For instance, we can say that I know that it snowed if and only if:

  • It really snowed, and
  • I believe that it snowed, and
  • I am justified in believing that it snowed (I saw snowy trees, snow on the ground).

So, we have 3 individually necessary and jointly sufficient conditions: truth, belief and justification. If they are met of a given claim, then we have knowledge of the claim. In other words, my knowledge is true justified belief.

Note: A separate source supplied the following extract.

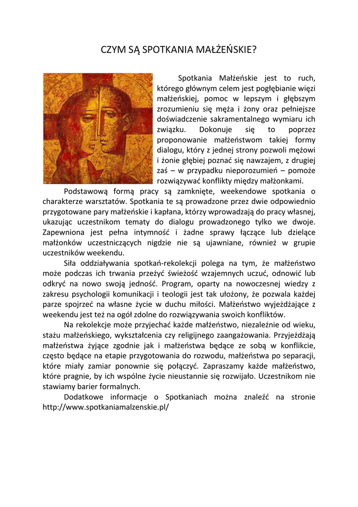 CZYM SĄ SPOTKANIA MAŁŻEŃSKIE? Spotkania Małżeńskie jest to ruch, którego głównym celem jest pogłębianie więzi małżeńskiej, pomoc w lepszym i głębszym zrozumieniu się męża i żony oraz pełniejsze doświadczenie sakramentalnego wymiaru ich związku. Dokonuje się to poprzez proponowanie małżeństwom takiej formy dialogu, który z jednej strony pozwoli mężowi i żonie głębiej poznać się nawzajem, z drugiej zaś – w przypadku nieporozumień – pomoże rozwiązywać konflikty między małżonkami. Podstawową formą pracy są zamknięte, weekendowe spotkania o charakterze warsztatów. Spotkania te są prowadzone przez dwie odpowiednio przygotowane pary małżeńskie i kapłana, którzy wprowadzają do pracy własnej, ukazując uczestnikom tematy do dialogu prowadzonego tylko we dwoje. Zapewniona jest pełna intymność i żadne sprawy łączące lub dzielące małżonków uczestniczących nigdzie nie są ujawniane, również w grupie uczestników weekendu. Siła oddziaływania spotkań-rekolekcji polega na tym, że małżeństwo może podczas ich trwania przeżyć świeżość wzajemnych uczuć, odnowić lub odkryć na nowo swoją jedność. Program, oparty na nowoczesnej wiedzy z zakresu psychologii komunikacji i teologii jest tak ułożony, że pozwala każdej parze spojrzeć na własne życie w duchu miłości. Małżeństwo wyjeżdżające z weekendu jest też na ogół zdolne do rozwiązywania swoich konfliktów. Na rekolekcje może przyjechać każde małżeństwo, niezależnie od wieku, stażu małżeńskiego, wykształcenia czy religijnego zaangażowania. Przyjeżdżają małżeństwa żyjące zgodnie jak i małżeństwa będące ze sobą w konflikcie, często będące na etapie przygotowania do rozwodu, małżeństwa po separacji, które miały zamiar ponownie się połączyć. Zapraszamy każde małżeństwo, które pragnie, by ich wspólne życie nieustannie się rozwijało. Uczestnikom nie stawiamy barier formalnych. Dodatkowe informacje o Spotkaniach można znaleźć na stronie http://www.spotkaniamalzenskie.pl/ O SPOTKANIACH MAŁŻEŃSKICH W MARIAHOLM: 1. Spotkania Małżeńskie odbędą się w ośrodku rekolekcyjnym w Mariaholm (Stegenveien 1143, 1820 Spydeberg) w dniach od 24 do 26 marca 2017 roku. Prowadzone będą przez dwie pary animatorów z Polski - Jolę i Roberta Janczaków, Darię i Pawła Łabędzkich - oraz o. Piotra Idziaka. Ojciec Piotr to doświadczony kierownik duchowy prowadzący m.in. rekolekcje ignacjańskie i Lectio Divina. Pochodzi z Kruszwicy, a pracował między innymi w Lublinie, Bydgoszczy i od 2008 roku prowadzi rekolekcje Spotkań Małżeńskich w Ośrodku Kaliskim. 2. Spotkania zorganizowane są w formie warsztatów. Rozpoczniemy je kolacją w piątek o godzinie 18.00 i zakończymy obiadem w niedzielę około godziny 14.00. Spotkania Małżeńskie w Mariaholm organizowane są przy wsparciu księży z parafii St Hallvard w Oslo. 3. Dojazd do Mariaholm jest we własnym zakresie. Ośrodek dysponuje bezpłatnymi miejscami parkingowymi. 4. Ważne jest by wszyscy uczestnicy byli obecni od początku do końca rekolekcji. Zajęcia w piątek mają duże znaczenie dla wejścia w rytm ćwiczeń, są tam wyjaśniane podstawy metod animatorów. 5. W Spotkaniach uczestniczą tylko pary małżeńskie. Program rekolekcji jest intensywny i nie jesteśmy w stanie zapewnić w tym czasie opieki nad dziećmi. Ważne jest, aby uczestnicy mogli poświęcić czas warsztatów wyłącznie dla siebie. Dlatego zapraszamy na rekolekcje wtedy, kiedy dzieci będą mogły zostać pod czyjąś opieką w domu. 6. Całkowity koszt weekendu to 2400 koron od pary małżeńskiej. Koszt ten zapewnia zakwaterowanie w pokojach dwuosobowych z prysznicem, pełne wyżywienie, materiały, korzystanie z sal konferencyjnych. Proszę zabrać ze sobą poszewki na pościel, ręczniki i przybory toaletowe. 7. Zapisy na rekolekcje przyjmowane są mailowo (adresy znajdują się poniżej). W zgłoszeniu proszę podać: • imię i nazwisko małżonków, • staż małżeński, • adres zamieszkania, • numer telefonu, • adres mailowy 8. Opłatę za Spotkania Małżeńskie proszę wpłacać w terminie do 20 lutego 2017, po uprzednim skontaktowaniu z nami. Rezerwacja miejsc następuje według kolejności wpłat. Ilość miejsc jest ograniczona. 9. W razie potrzeby kontaktu z chęcią odpowiemy na dodatkowe pytania. Dostępni jesteśmy pod numerami telefonów 93286079 / 97524728 lub mailowo [email protected] / [email protected]. Małgorzata i Adam Laszczyńscy

Edmund Gettier showed that these 3 conditions are not sufficient for someone’s knowing a given proposition. Suppose that someone called Smith (S) has a strong evidence for the following proposition: Jones owns a Ford (P). Smith’s evidence might be that Jones has at all times in the past within Smith’s memory owned a car, and always a Ford. Smith has another friend, Brown, and Smith is totally unaware of where Brown is now. Smith selects randomly a place (Barcelona) and constructs the following proposition (P): “Either Jones owns a Ford, or Brown is in Barcelona.

The proposition “Jones owns a Ford” (P) is transformed into “Jones owns a Ford or Brown is in Barcelona” ( P v Q ) by deductively valid inference, where (Q) is added as a disjunct.

P → P v Q 

Imagine that two further conditions hold. First, Jones does not own a Ford, but rents it. Second, by coincidence, Brown is in Barcelona. If these two conditions hold, then Smith does not know that P is true, even though:

  1. P is true (Brown is in Barcelona)
  2. S believes that P
  3. S is justified in believing that P is true (Smith has correctly inferred P from a proposition for which he has a strong evidence)

Thus, these 3 conditions are no sufficient for someone’s knowing a given proposition.

Bibliography:

  • Gettier, Edmund L. (1963). “Is Justified True Belief Knowledge?”. Analysis. 23 (6): 121–123.